Er wollte bereits aus dem Raum flüchten, als Sophie schließlich, noch ein wenig rot an den Wangen sagte, „Nein... ich mein, ja! Natürlich mein Lord, wie ihr wünscht. Wir müssen ins... ähm, ins Schlafzimmer."

Harry hätte wetten können, dass Dorians Grinsen nicht noch breiter werden konnte.


Harry seufzte genüsslich, als Sophies Hände die Verkrampfungen und den Schmerz aus seinem Rücken weg massierten. Er lag ohne Hemd auf seinem Bauch in seinem Bett und Sophie hatte sich neben ihn gesetzt und ließ ihre Hände erfahren über seinen Rücken wandern. Langsam aber sicher merkte er, wie der Schlaf kam und ihn schließlich umhüllte.

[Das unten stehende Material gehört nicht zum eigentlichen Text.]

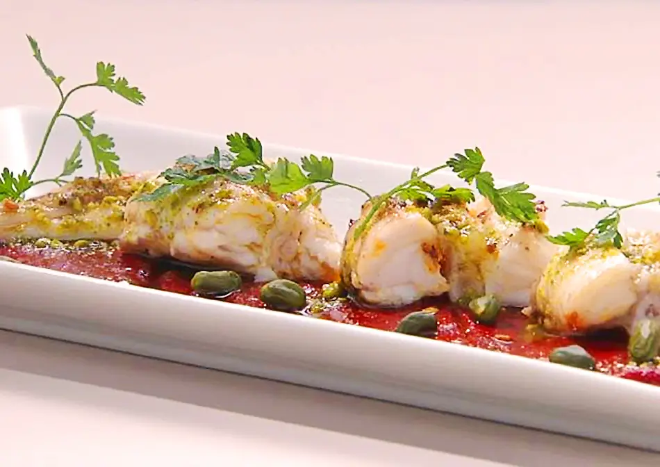 El programa de la televisión catalana ‘Cuines’ está dedicando esta semana a la cocina con frutos secos, avellanas, almendras, nueces, pistachos… y nos gustó ver la receta de Rape con pimientos del piquillo, vainilla y pistachos que elaboró Eduard Xatruch del Restaurante Compartir de Cadaqués y miembro de elBulli Foundation, por eso queremos compartirla con vosotros a través del vídeo y la traducción que realizamos para que todos lo podáis seguir.
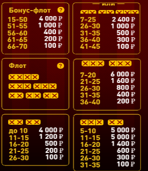 - Пример 4. Если я на 9 ходу потоплю двухпалубный корабль, а на 14-ом потоплю четырехпалубник, мой выигрыш составит 200 + 4000 = 4200 руб. Для кораблей разных размеров своя схема начислений выигрыша.
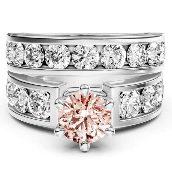 • Celebrate your love story with this 3.85-6.85 CT Round Fancy Pink fancy pink lab grown diamond bridal set. The engagement ring and matching wedding band are designed to sit perfectly together, creating a complete look of color, sparkle and elegance. Crafted in 14KT White Gold, 14KT Yellow Gold, 14KT Rose Gold, 18KT White Gold, 18KT Yellow Gold, 18KT Rose Gold and Platinum, this bridal set is designed for both beauty and everyday comfort.
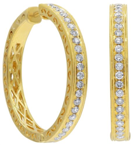 ESTATE 1.32CT DIAMOND 18KT YELLOW GOLD 3D CLASSIC FILIGREE HOOP HANGING EARRINGS
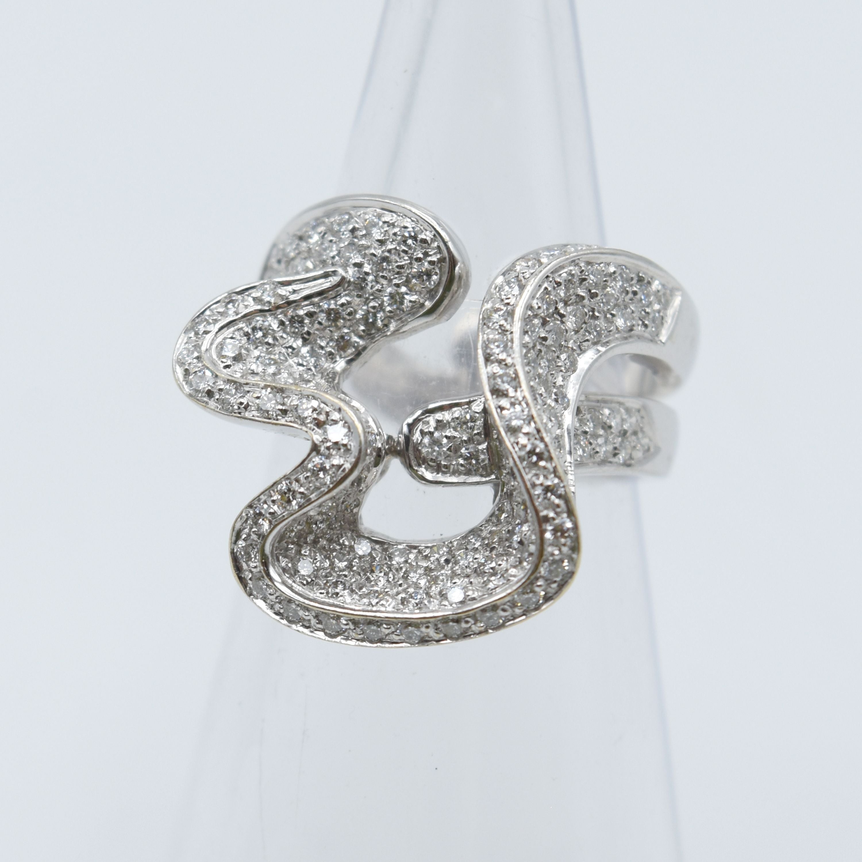 Bague en or blanc 18 ct sertie de 128 brillants +/- 1.28 ct (griffée) - 12.4 g (Taille: 57)
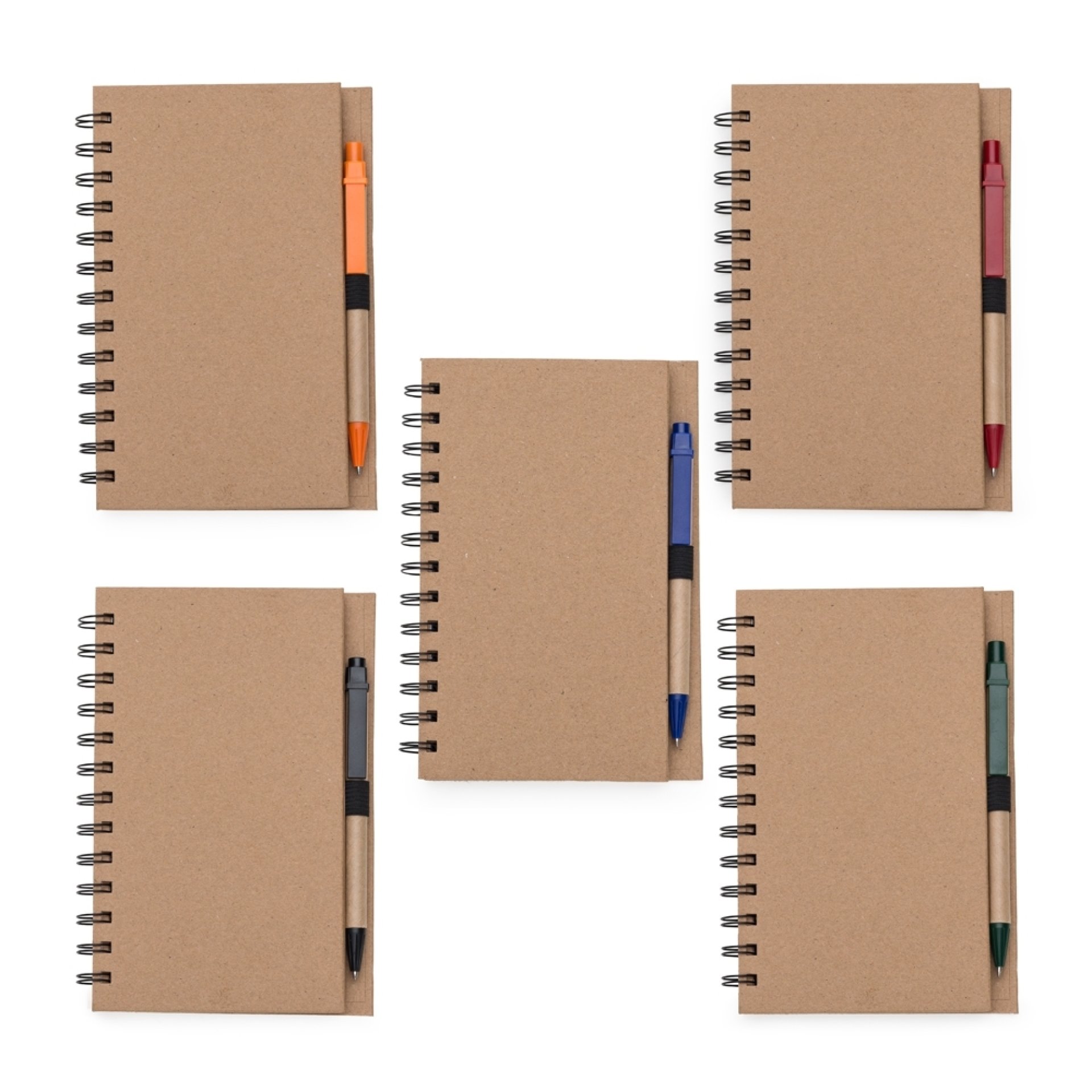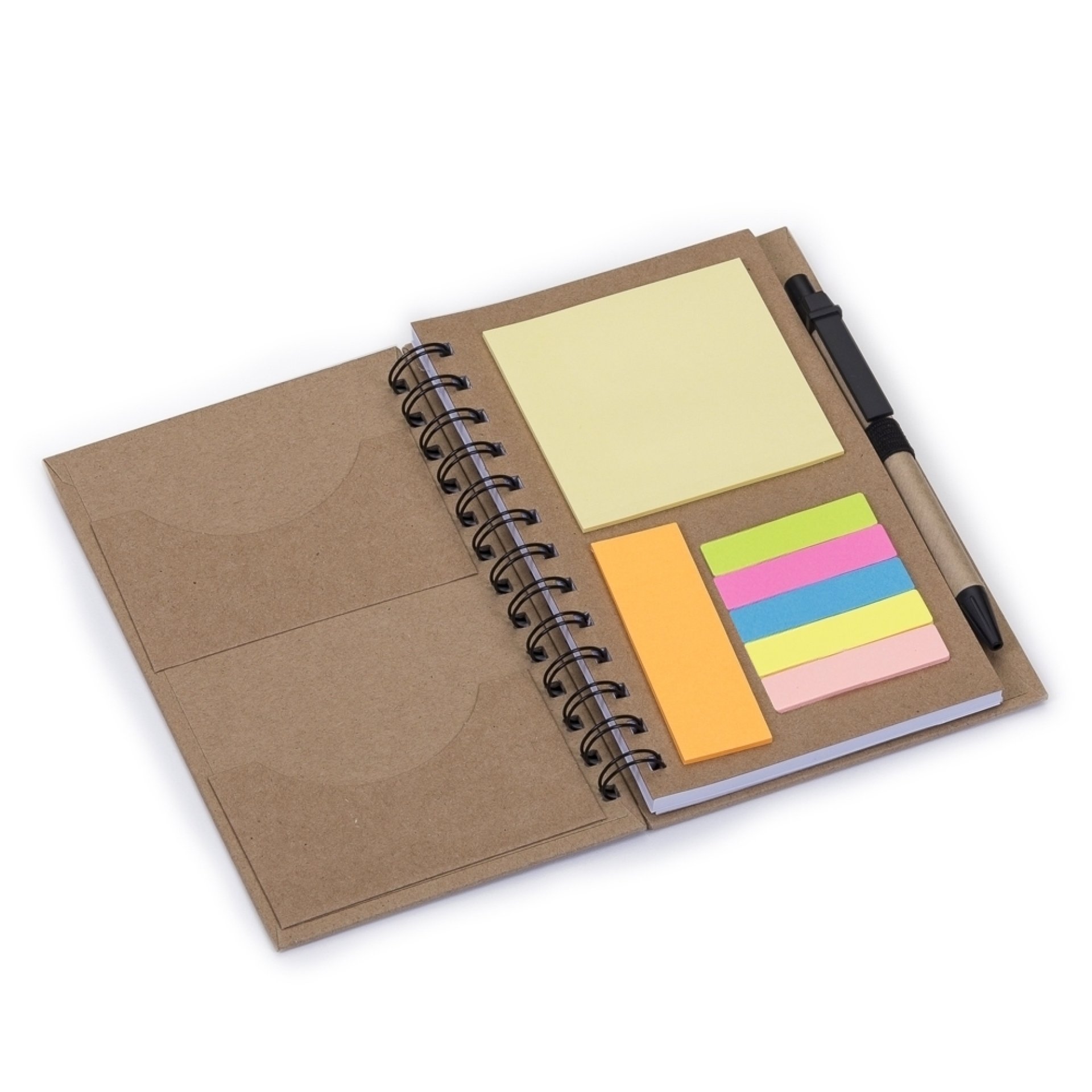 Caderneta ecológica com caneta e autoadesivos. Com dois suporte internos para cartão, possui cinco blocos autoadesivos com 20 folhas cada, bloco laranja e bloco amarelo com aproximadamente 20 folhas cada. Possui aproximadamente 70 folhas brancas pautadas e caneta de papelão de clip e ponteira plástica.
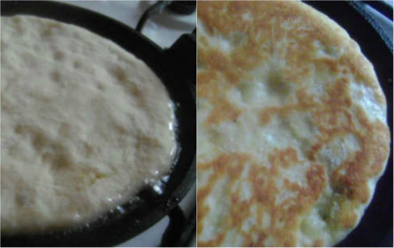 Пока лепешки отдыхают, разогрей сковороду, полив ее слегка растительным маслом. Затем обжарь лепешки с двух сторон под крышкой.
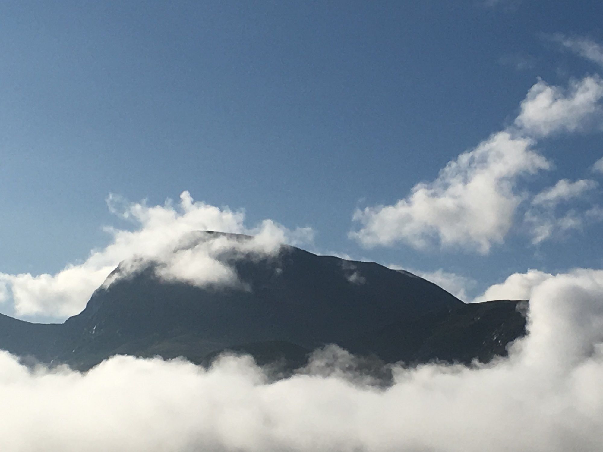 The mist soon cleared, leaving intriguing wisps of clouds around the base of the mountains. And from then on we had a day of pure sunshine. The reflections of the heather-covered hills in the canal were out of this world.
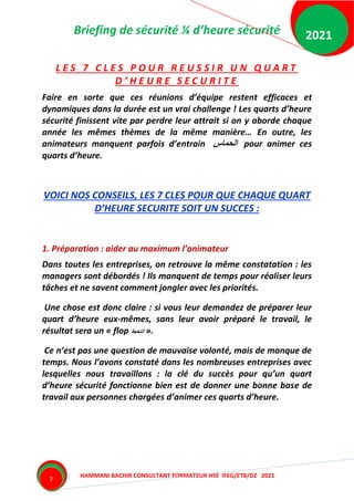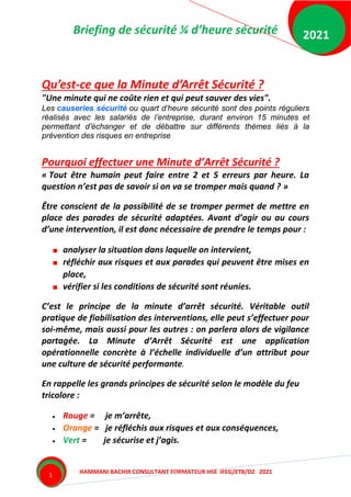 Le document traite des causeries sécurité, également appelées quarts d’heure sécurité, qui permettent de discuter des risques et de la prévention des accidents au travail avec les employés. Il expose les principales pratiques pour animer ces réunions de manière efficace, y compris la préparation, l'engagement des participants et la diversification des thèmes abordés. En soulignant l'importance de l'implication des managers et de la formation adéquate, il met l'accent sur la nécessité de transformer ces moments en échanges participatifs et non en simples rappels de règles.
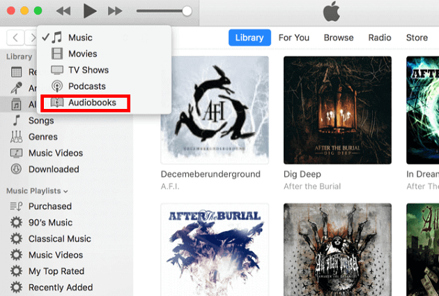 Step 1. Open up iTunes and go to the Audiobooks section.
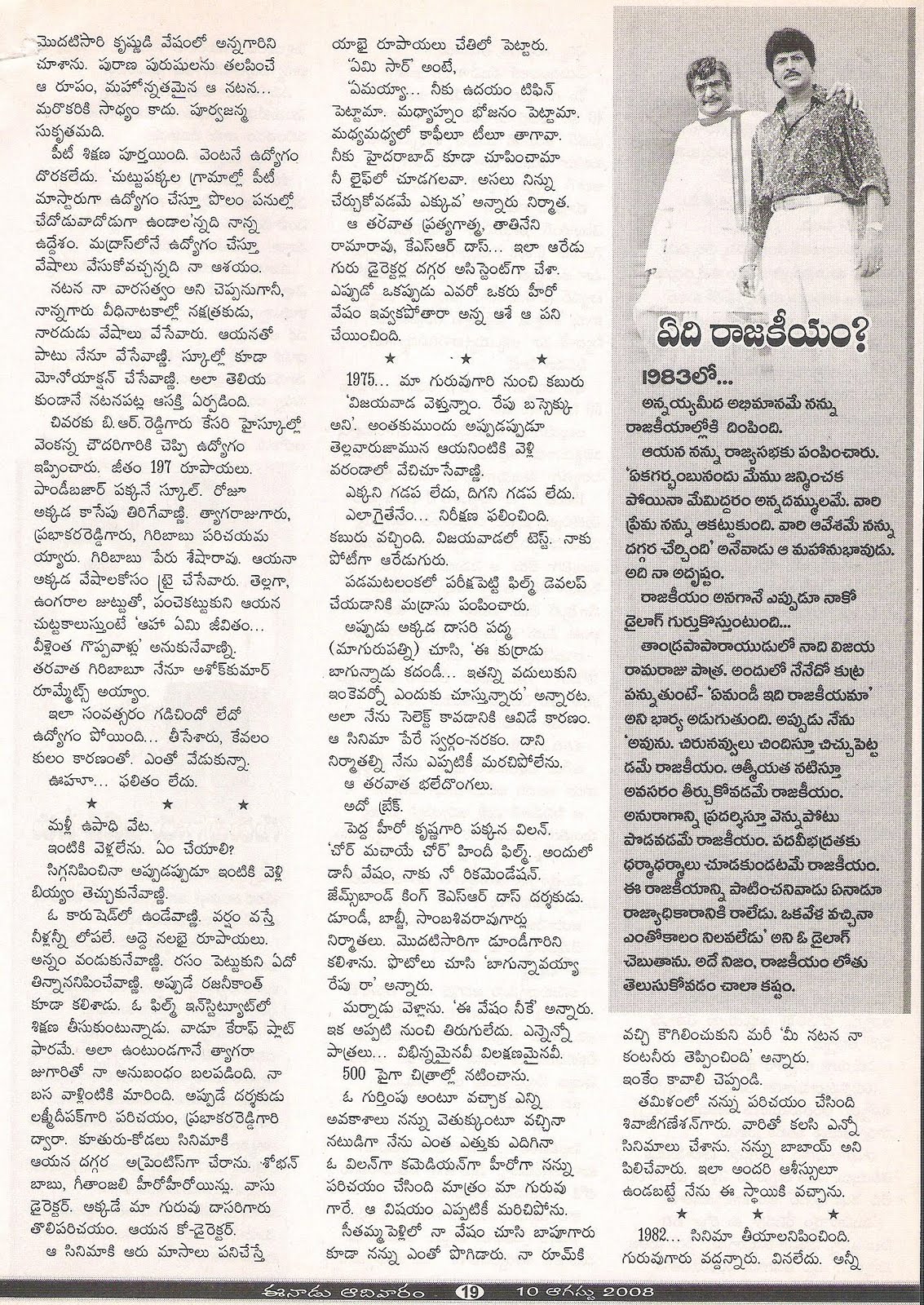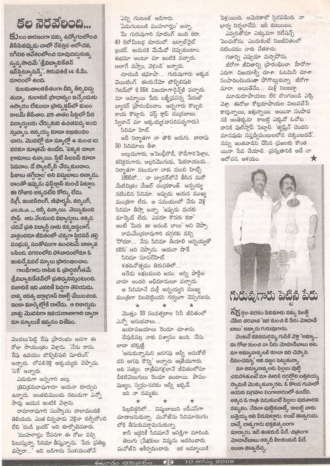 ఈ సందర్భంగా ఆ చిత్ర విశేషాలు…. ఆర్టిస్టు అయిన ఏడేళ్లకే సొంతంగా చిత్ర నిర్మాణసంస్థను నెలకొల్పడం నిజంగా ఆ రోజుల్లో ఒక సాహసమే. అందుకే ఈ విషయమై తన గురువు దాసరిని కలిసి ఆయన సలహా అడిగారు మోహన్బాబు. ‘ఆరి ్టస్ట్గా బిజీగా ఉన్నావు.. పేరు తెచ్చుకుంటున్నావు.. ఇలాంటి సమయంలో నీకు చిత్రనిర్మాణం అవసరమా?’ అని ఆయన అన్నారు.

„Danke.", murmelte er noch, dann sank er in einen ruhigen Schlaf. Er sah das warme Lächeln auf Sophies Gesicht nicht... ein Lächeln, das selten bei ihr zu sehen war. Unter ihnen im Wohnzimmer saß Dorian vor dem Feuer und legte grinsend den Spiegel weg, in dem er die Szene beobachtet hatte.

Er hoffte, dass Sophie Harry nicht nur lehren, sondern auch von ihm zu lachen lernen würde.Denn schlußendlich benötigte Sophie genauso Hilfe wie Harry.

Die folgende Woche verlief ohne Zwischenfälle. Harry würde aufstehen, mit Dorian trainieren und am Nachmittag mit ihm lernen, um am Abend mit einer Massage und angenehmen Gesprächen mit Sophie einzuschlafen. Als die Woche schließlich vorrüber war, wusste er nicht, ob er sich auf die Arbeit bei Matthew, die ihm ja eigentlich Freude bereitete, freuen sollte oder nicht.

Dorian hatte über den Vorfall mit seinem Magischen Kern bisher vehement geschwiegen und meinte, dass er noch die zwei Monate warten könnte, bis die wirkliche Ausbildung beginnen sollte. Dennoch, Harry hatte bemerkt, dass er scheinbar doch einen kleinen Teil der Energie aufgenommen hatte, denn er fühlte sich von Tag zu Tag kräftiger und ihm fiel es leichter, seine Magie passiv zu lenken.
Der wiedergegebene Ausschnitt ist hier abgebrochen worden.